Drum brakes can be found on most vehicles, usually at the rear, and are an integral part of stopping the vehicle. These differ from disc brakes yet they serve the same purpose. The rear brakes are cable operated and when, for example, the hand brake is pulled up, the brake pads will push against the drum and the friction will cause the vehicle to stop. Drum brakes are also an integral part of the handbrake in the vehicle, which uses the rear brakes to stop the vehicle from rolling backwards when on a hill, or to keeping the vehicle stationary when parked. Brake shoes press against the drums to stop the vehicle from rolling.
Brake fluid supplies the calipers that close the brake shoes onto the drum, so keeping fluid levels topped up at all times is important. Close attention needs to be paid to the state of these parts, including the disc brakes, to ensure they are still within safe limits. Drum brakes work best when they are fitted with well-manufactured parts.
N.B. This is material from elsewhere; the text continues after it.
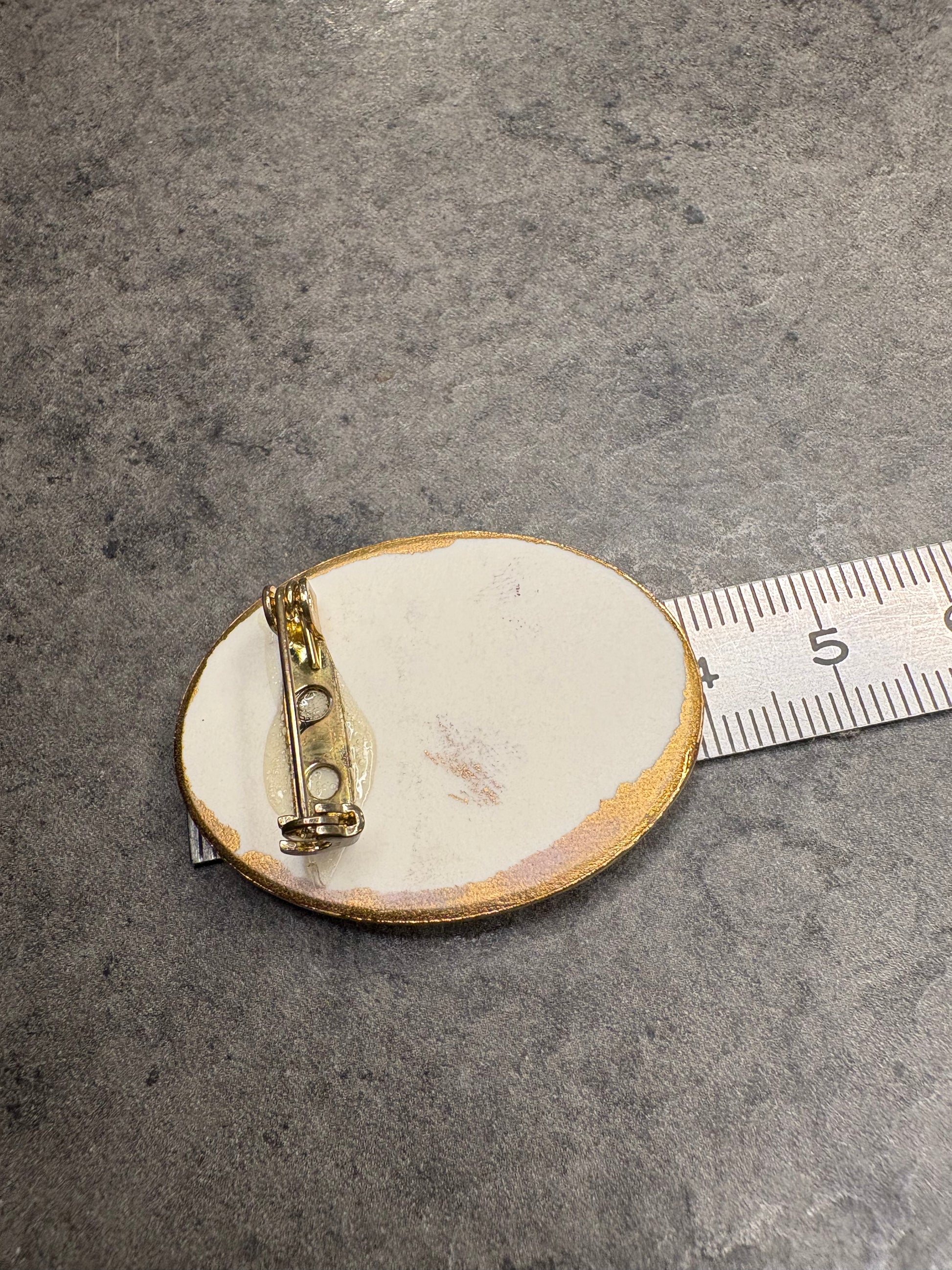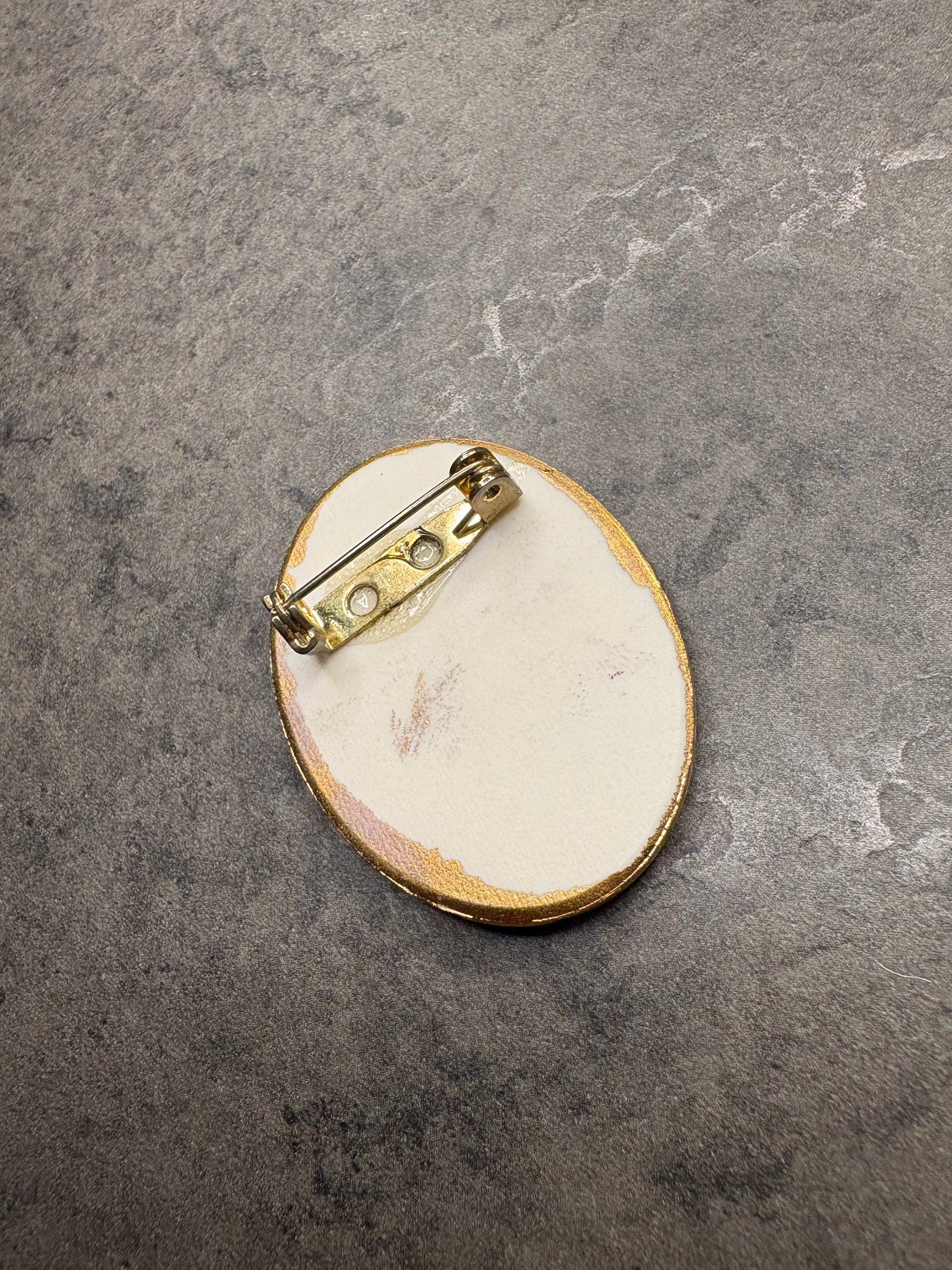 Questa splendida spilla vintage in ceramica è un raffinato esempio di artigianato artistico dal fascino senza tempo.

When the drums on a vehicle get worn they tend to lose their round shape and become slightly oval. From this the shoes, which then clamp onto the drum, tend to get worn down unevenly because of the drums’ irregular shape. The answer to this problem is replacing the drums with new parts obtained from a reputable parts dealer. Ask for genuine parts when purchasing drum brakes or instruct your mechanic to do so.